## What you have to do
Starting with the line that has "在沁園社區活動中心的愛心托管" in the records below and ending with the line that has "Sugli scaffali ci", output those lines exactly and nothing more; omit the pictures.
** The data follows **
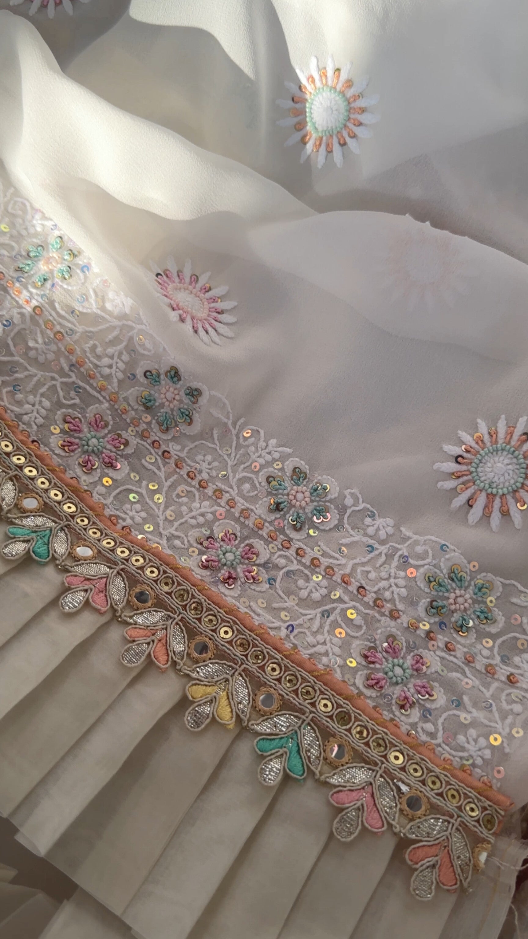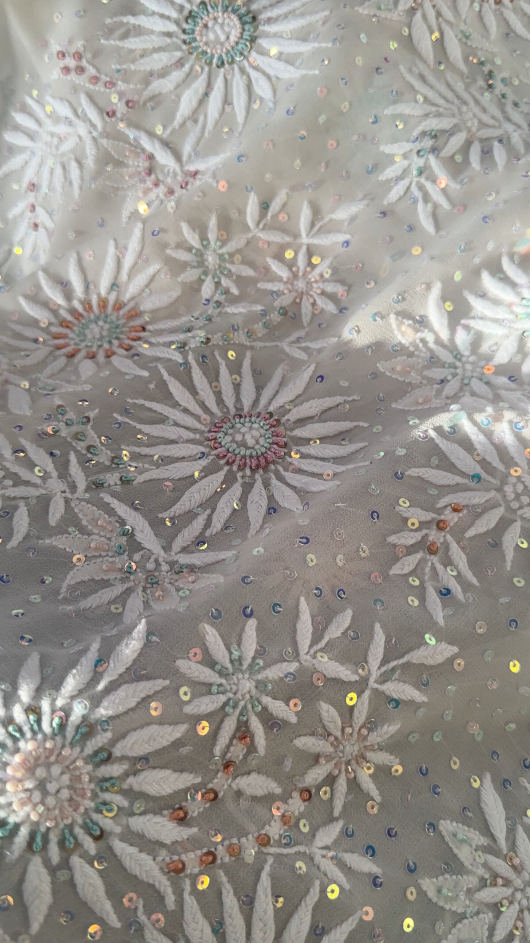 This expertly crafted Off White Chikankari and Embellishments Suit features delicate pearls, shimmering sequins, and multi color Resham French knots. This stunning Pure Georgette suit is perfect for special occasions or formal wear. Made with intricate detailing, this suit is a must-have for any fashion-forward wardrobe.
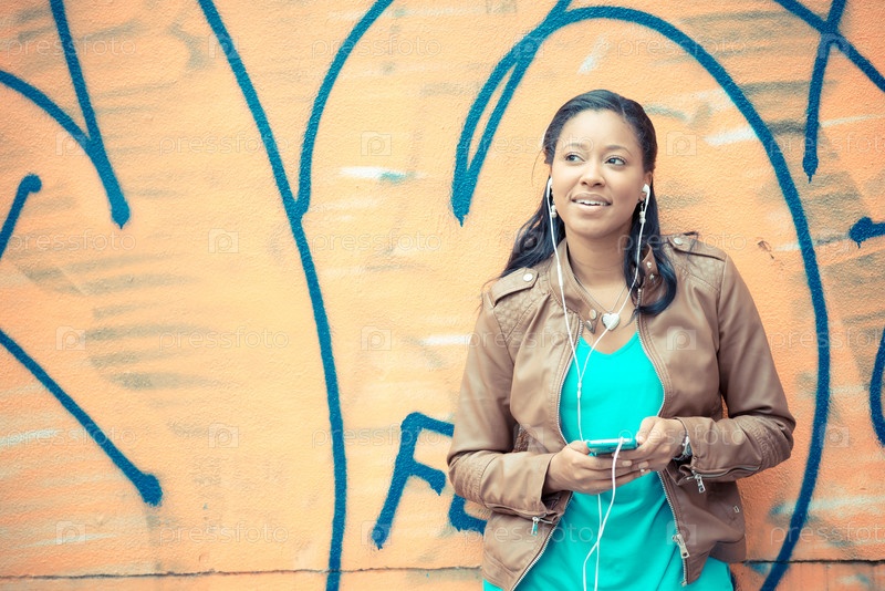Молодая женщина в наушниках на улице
** End of The data **
** The data follows **
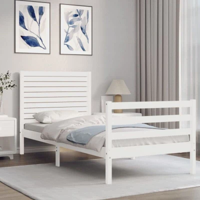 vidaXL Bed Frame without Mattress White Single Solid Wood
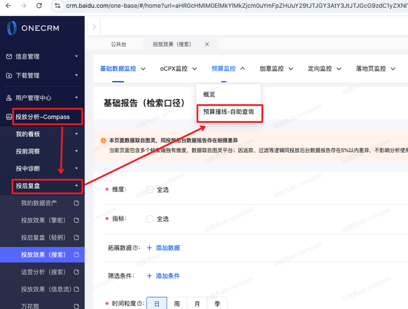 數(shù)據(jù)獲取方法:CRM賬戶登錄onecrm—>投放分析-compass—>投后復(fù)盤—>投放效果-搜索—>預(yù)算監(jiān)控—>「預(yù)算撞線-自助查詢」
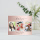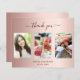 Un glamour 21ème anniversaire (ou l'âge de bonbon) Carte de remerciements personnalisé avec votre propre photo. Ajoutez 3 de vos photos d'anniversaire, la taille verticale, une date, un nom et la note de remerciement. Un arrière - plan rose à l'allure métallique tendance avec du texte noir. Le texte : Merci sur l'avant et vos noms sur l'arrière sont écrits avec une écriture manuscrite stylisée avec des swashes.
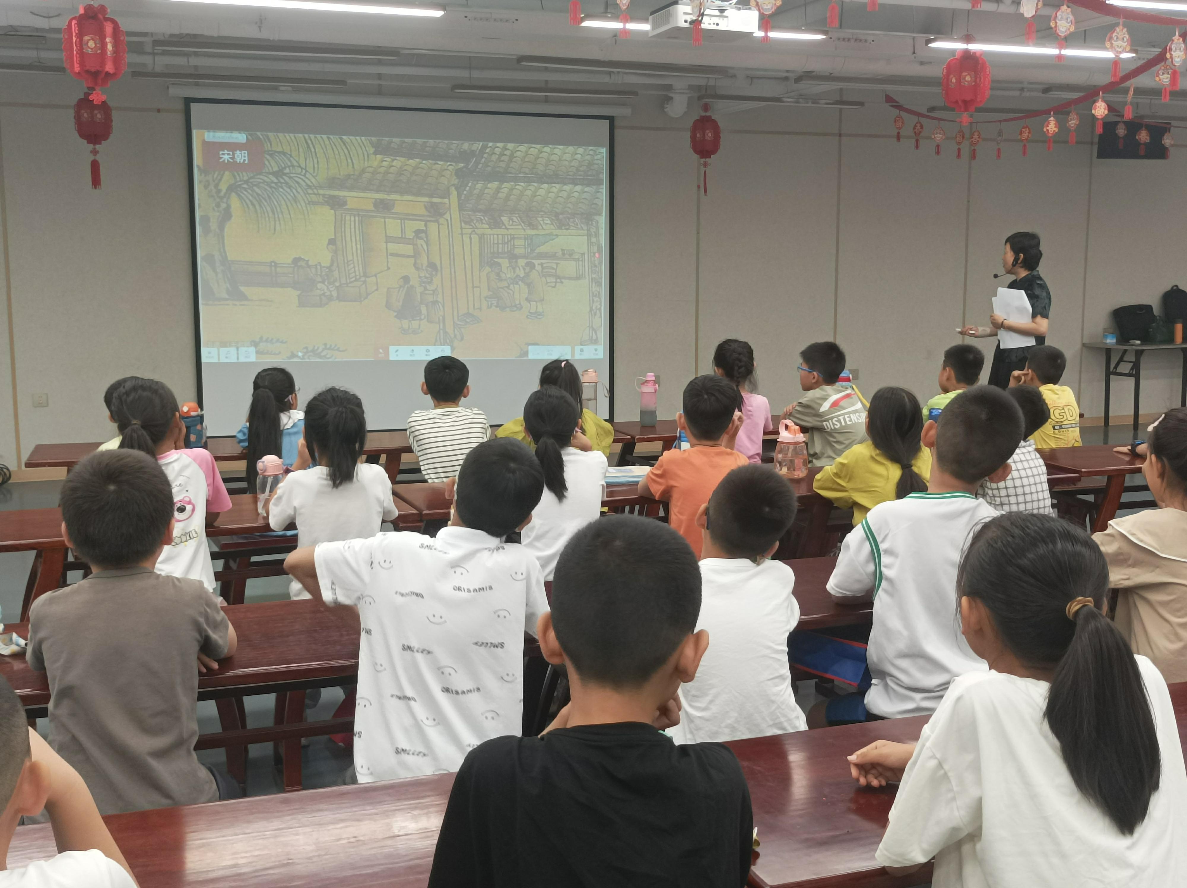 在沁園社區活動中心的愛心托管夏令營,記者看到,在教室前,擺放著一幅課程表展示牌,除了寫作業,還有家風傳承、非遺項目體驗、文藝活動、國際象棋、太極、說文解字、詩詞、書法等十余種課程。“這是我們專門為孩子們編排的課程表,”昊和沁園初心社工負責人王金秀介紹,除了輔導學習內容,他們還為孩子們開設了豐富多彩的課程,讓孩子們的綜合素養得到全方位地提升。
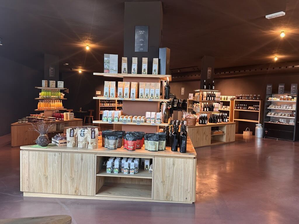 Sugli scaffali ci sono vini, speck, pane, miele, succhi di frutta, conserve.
** End of The data **
## Exercise solution
 在沁園社區活動中心的愛心托管夏令營,記者看到,在教室前,擺放著一幅課程表展示牌,除了寫作業,還有家風傳承、非遺項目體驗、文藝活動、國際象棋、太極、說文解字、詩詞、書法等十余種課程。“這是我們專門為孩子們編排的課程表,”昊和沁園初心社工負責人王金秀介紹,除了輔導學習內容,他們還為孩子們開設了豐富多彩的課程,讓孩子們的綜合素養得到全方位地提升。
 Sugli scaffali ci sono vini, speck, pane, miele, succhi di frutta, conserve.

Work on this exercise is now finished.